Segment Start: Records

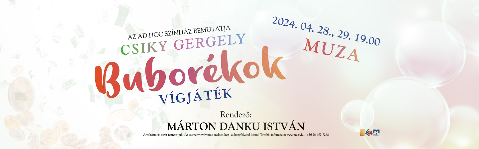 Vesztegetés. Képmutatás. Álomlufik. Lufivágyak. Papucsférj. Csődhelyzet. Érdekházasság. Nagyravágyás. Nyújtózkodás. Tovább. Ameddig. Takaró. Elér. Minden: buborék. Kipukkannak: Finálé.
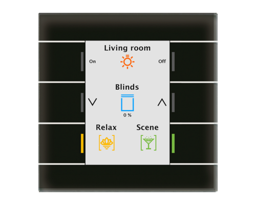 Инновационное групповое управление с длительным/сверхдлинным нажатием клавиши Новая функция сопоставления для удобного распределения функций Расширенный информационный дисплей до 3 строк и до 6 измеренных значений Современные значки (загрузка значков) Функция Slap с новым набором функций Кнопки можно запрограммировать для управления 1 или 2 кнопками До 12 функций на 2 или 3 уровнях (функции 2x6 или 3x4) До 6 функций без переключения уровней Инновационное групповое управление с длительным/сверхдлительным нажатием/нажатием клавиши Новая функция сопоставления для удобного распределения функций Большой активный цвет дисплей для индикации функции и состояния. Регулируемый цвет фона дисплея (белый или черный). Новые стандартные символы. Символы и простой текст, настраиваемые для каждой кнопки/функции. Индикация отдельных сообщений/текстовых телеграмм (1 бит / 14 байт). Применение в качестве часов реального времени в сочетании с Активатор отопления AKH 1 или 2 кнопки управления для переключения, затемнения, жалюзи, значений Короткое/длинное нажатие кнопки с 2 объектами RGB-статус всех кнопок, управляемый отдельно с каждого уровня Индикация температуры и времени в помещении/на улице Автоматическая яркость дисплея с помощью датчика освещенности и дня недели / ночной объект Функция удара с новым набором функций Рекомендуемая высота установки: 1,50-1,60 м (как кнопка) Установка в монтажную коробку Размеры (Ш x В): 92 мм x 92 мм Дополнительный источник питания не требуется С датчиком температуры для помещения измерение температуры Дополнительные функции для установки температуры и режима работы Применение в качестве RTC в сочетании с нагревательным приводом AK
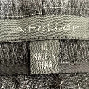 Atelier Straight Leg Poly Blend Washable Striped Pants Grey + White Sz 14 NWT
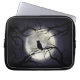 En lone uggla på en gren, en magical måne på baksidaen, i mörkret av skogen.
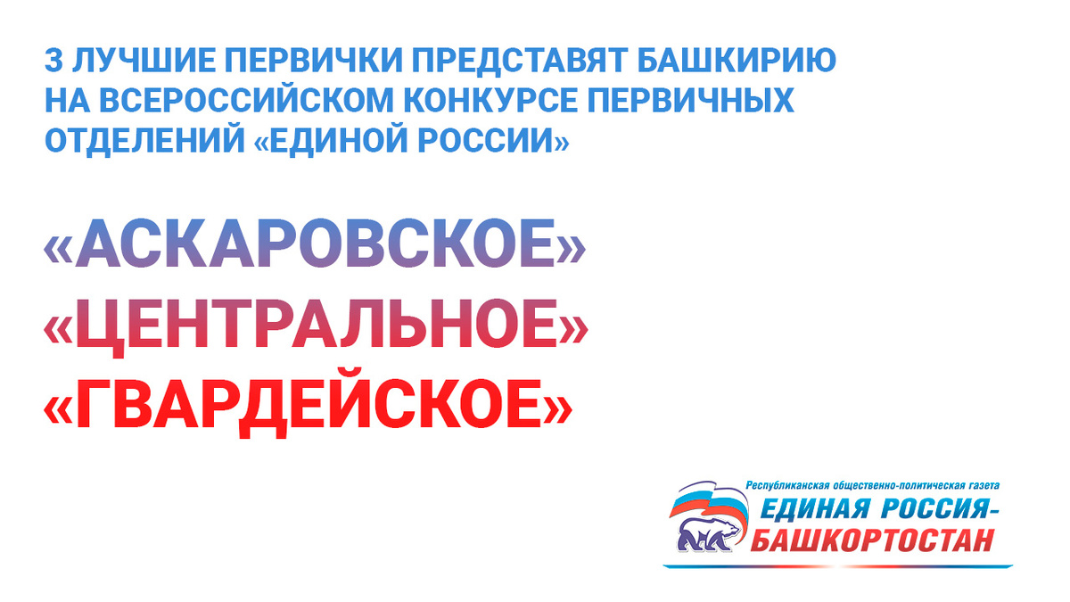 На региональный этап Всероссийского конкурса первичек в этом году было заявлено 345 проектов от 63 местных отделений партии. Девять из них отметило жюри, а лучшими признали «Аскаровское», «Центральное» и «Гвардейское». Именно они будут представлять республику на федеральном уровне. Первичные организации озвучили свои идеи в номинации «Лучшая практика реализации Народной программы партии». Комиссия оценивала работы по следующим критериям: непосредственное воздействие на качество воплощения в жизнь положений Народной программы, масштабность проекта, его эффективность, инновационность, уровень вовлеченности граждан, информирование о практике. После подведения итогов победителем среди сельских населенных пунктов признана первичка «Аскаровское» из Абзелиловского района. Второе и третье места заняли, соответственно, «Культурное» (с. Стерлибашево Стерлибашевского района) и «Батыровское» (с. Батырово Федоровского района). Первичное отделение «Центральное» Ленинского района г. Уфы победило в ка
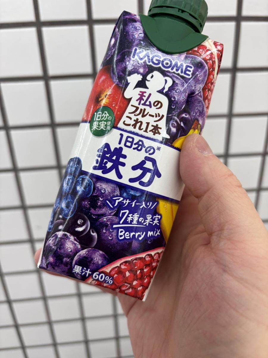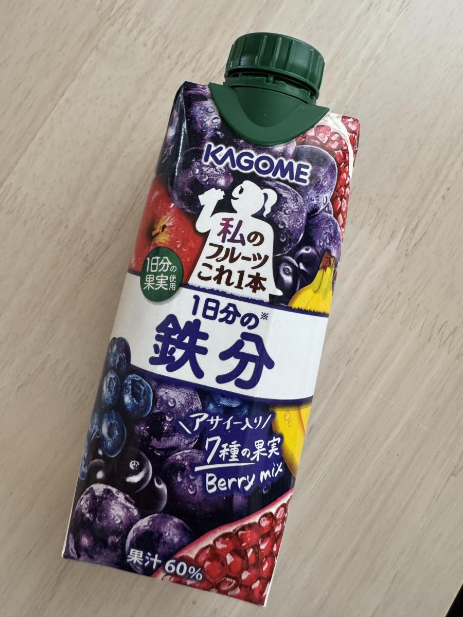 ぶどう、ブルーベリー、アサイーの渋みがある7種の果実ブレンドの秋らしいおいしさ。鉄分たっぷり1日分と1日分の果実を手軽にチャージ出来て嬉しい。
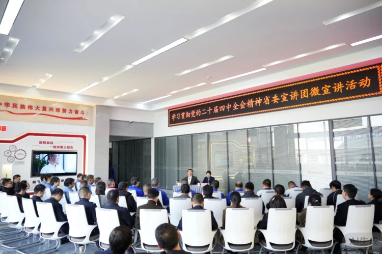 11月24日,学习贯彻党的二十届四中全会精神省委宣讲团走进岳阳绿色化工高新技术产业开发区开展微宣讲活动。省委宣讲团成员、省生态环境厅党组书记廖良辉结合化工园区特点开展微宣讲。
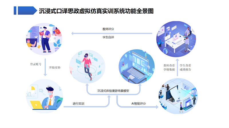 该系统采用虚拟仿真技术创新口译教学模式,为学生提供沉浸式的实践训练平台。学生可以在逼真的模拟环境中强化口译技能,有效提高学习效果。这种新型教学模式为口译学科发展提供了新思路,拓展了人才培养途径。
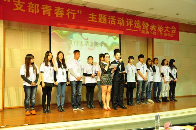 我系从11月中旬开始,11-12级各团支部进行了以“嘉庚小绿,非诚勿扰”为主题的一系列维护小绿的活动,在本次活动中,12级四个团支部脱颖而出,顺利进入到主题活动评选暨表彰大会。经过激烈的角逐,最终12级第二团支部凭借优异的表现夺魁,第三团支部获得第二名,动画团支部获得第三名,第一团支部获得优秀奖。
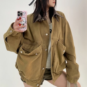 ヒップ丈のオーバーサイズカバーオールは、カジュアルな着こなしに最適。シャツカラーがきちんと感をプラスし、大きなパッチポケットがアクセントになっています。ゆったりとしたシルエットで動きやすく、普段使いはもちろん、アウトドアシーンにもおすすめです。
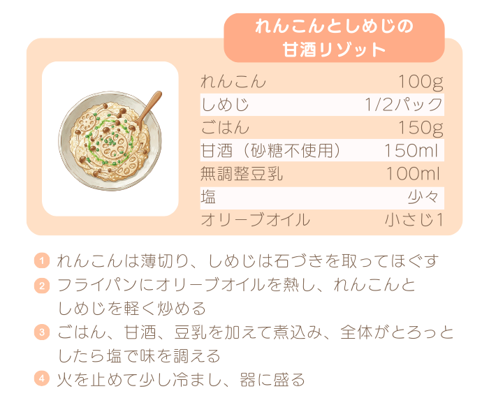 発酵食品である甘酒を使ったリゾットは、腸活にも睡眠にも◎。れんこんとしめじのシャキシャキ感が楽しく、優しい甘みが夜の疲れを癒してくれます。
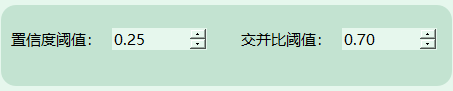 (2)交并比阈值:当前设置为0.70,表示系统只会认为交并比(IoU)超过70%的检测框为有效结果。交并比是检测框与真实框重叠区域的比值,用于衡量两个框的相似程度,值越高表明重叠程度越高。
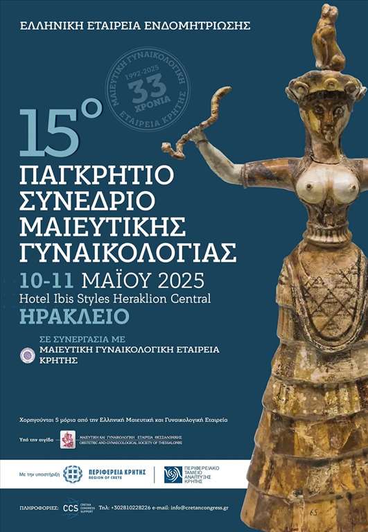 Το 15ο Παγκρήτιο συνέδριο Μαιευτικής- Γυναικολογίας διοργανώνεται από την Ελληνική Εταιρεία Ενδομητρίωσης σε συνεργασία με την Μαιευτική – Γυναικολογική εταιρεία Κρήτης, την στήριξη της Περιφέρειας Κρήτης και την αιγίδα της Μαιευτικής και Γυναικολογικής Εταιρείας Θεσσαλονίκης. Το συνέδριο θα πραγματοποιηθεί στις 10 και 11 Μαΐου 2025 στο Ηράκλειο στο Hotel Ibis Styles Heraklion Central.

Segment End: Records

Activity
Could you transcribe exactly the entries above, but only the lines from the one with "Atelier Straight Leg" through the one with "En lone uggla", and without pictures?

Solved problem
 Atelier Straight Leg Poly Blend Washable Striped Pants Grey + White Sz 14 NWT
 En lone uggla på en gren, en magical måne på baksidaen, i mörkret av skogen.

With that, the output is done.